Defects in mitochondrial dynamics are a common cause of Charcot-Marie-Tooth disease (CMT), whereas primary deficiencies in the mitochondrial respiratory chain (MRC) are rare and atypical for this aetiology. This study aims to report COX18 as a novel CMT-causing gene. This gene encodes an assembly factor of mitochondrial Complex IV that translocates the C-terminal tail of MTCO2 across the mitochondrial inner membrane. Exome sequencing was performed in four affected individuals from three families. The patients and available family members underwent thorough neurological and electrophysiological assessment. The impact of one of the identified variants on splicing, protein levels and mitochondrial bioenergetics was investigated in patient-derived lymphoblasts. The functionality of the mutant protein was assessed using a proteinase K protection assay and immunoblotting. Neuronal relevance of COX18 was assessed in a Drosophila melanogaster knockdown model. Exome sequencing coupled with homozygosity mapping revealed a homozygous splice variant c.435-6A>G in COX18 in two siblings with early-onset progressive axonal sensorimotor peripheral neuropathy. By querying external databases, we identified two additional families with rare deleterious biallelic variants in COX18. All eight affected individuals presented with axonal CMT, and some patients also exhibited CNS symptoms, such as dystonia and spasticity. Functional characterization of the c.435-6A>G variant demonstrated that it leads to the expression of an alternative transcript that lacks exon 2, resulting in a stable but defective COX18 isoform. The mutant protein impairs Complex IV assembly and activity, leading to a reduction in mitochondrial membrane potential. Downregulation of the COX18 homologue in D. melanogaster resulted in signs of neurodegeneration, including locomotor deficit and progressive axonal degeneration of sensory neurons. Our study presents genetic and functional evidence that supports COX18 as a newly identified gene candidate for autosomal recessive axonal CMT with or without CNS involvement. These findings emphasize the significance of peripheral neuropathy within the spectrum of primary mitochondrial disorders, in addition to the role of mitochondrial Complex IV in the development of CMT. Our research has important implications for the diagnostic work-up of CMT patients.

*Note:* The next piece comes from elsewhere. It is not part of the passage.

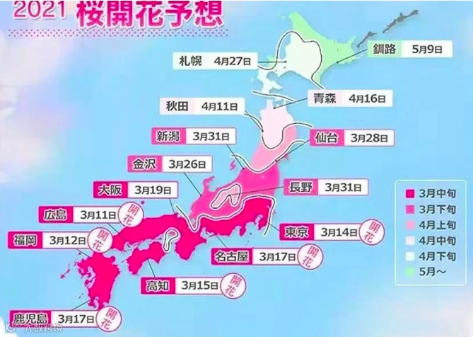 樱花最早绽放是从日本南端的冲绳开始,一直到北端的北海道。樱花的绽放时间十分短暂,从盛开至凋零只有短短的一周左右的时间,或许只是一阵不经意间的风雨,满树的花瓣便会纷纷飘零,散落地面。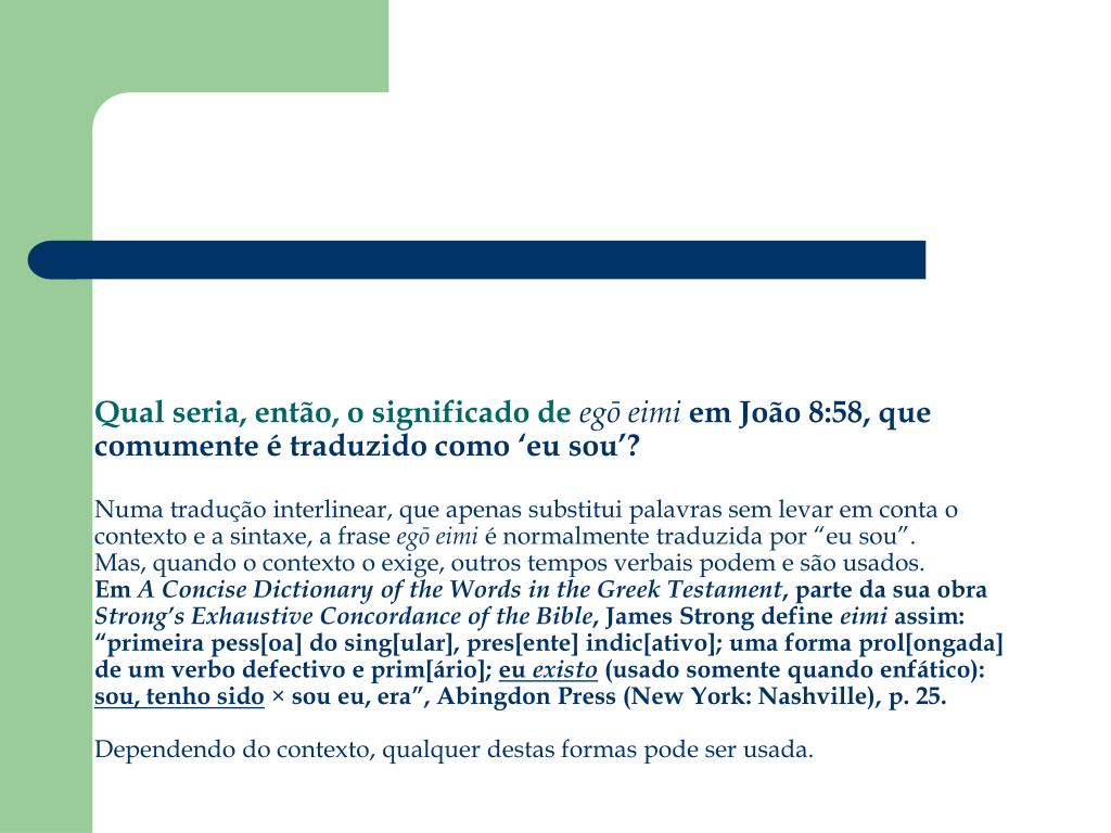 Qual seria, então, o significado de egō eimiem João 8:58, que comumente é traduzido como ‘eu sou’?Numa tradução interlinear, que apenas substitui palavras sem levar em conta o contexto e a sintaxe, a frase egō eimi é normalmente traduzida por “eu sou”.Mas, quando o contexto o exige, outros tempos verbais podem e são usados.Em A Concise Dictionary of the Words in the Greek Testament, parte da sua obra Strong’s Exhaustive Concordance of the Bible, James Strong define eimi assim: “primeira pess[oa] do sing[ular], pres[ente] indic[ativo]; uma forma prol[ongada] de um verbo defectivo e prim[ário]; eu existo (usado somente quando enfático): sou, tenho sido × sou eu, era”, Abingdon Press (New York: Nashville), p. 25. Dependendo do contexto, qualquer destas formas pode ser usada.

线粒体动力学缺陷是导致沙科-玛丽-图斯病(CMT)的常见原因,而线粒体呼吸链(MRC)的原发性缺陷是罕见的和不典型的病因。本研究旨在报道COX18作为一种新的cmt致病基因。该基因编码线粒体复合体IV (CIV)的一个组装因子,该因子将MTCO2的c端尾部跨线粒体内膜易位。对来自三个家庭的四名受影响个体进行外显子组测序。患者及其家属接受了全面的神经和电生理评估。在患者源性淋巴细胞中研究了其中一种已确定的变异对剪接、蛋白质水平和线粒体生物能量学的影响。使用蛋白酶K保护试验和免疫印迹法评估突变蛋白的功能。在黑腹果蝇敲除模型中评估了COX18的神经元相关性。外显子组测序和纯合子图谱显示,在两个早发性进行性轴突感觉-运动周围神经病变的兄弟姐妹中,COX18中存在纯合子剪接变异c.435-6A >g。通过查询外部数据库,我们确定了另外两个具有COX18罕见有害双等位基因变异的家族。所有8名患者均表现为轴突性CMT,一些患者还表现出中枢神经系统症状,如肌张力障碍和痉挛。c.435-6A >g变异的功能表征表明,它导致缺乏外显子2的替代转录物的表达,导致稳定但有缺陷的COX18亚型。突变蛋白损害了CIV的组装和活性,导致线粒体膜电位降低。在黑腹果蝇中,下调COX18同系物表现出神经变性的迹象,包括运动缺陷和感觉神经元进行性轴突变性。我们的研究提供了遗传和功能证据,支持COX18作为常染色体隐性轴突CMT的新发现候选基因,无论是否累及中枢神经系统。这些发现强调了周围神经病变在原发性线粒体疾病谱系中的重要性,以及线粒体CIV在CMT发展中的作用。本研究对CMT患者的诊断检查具有重要意义。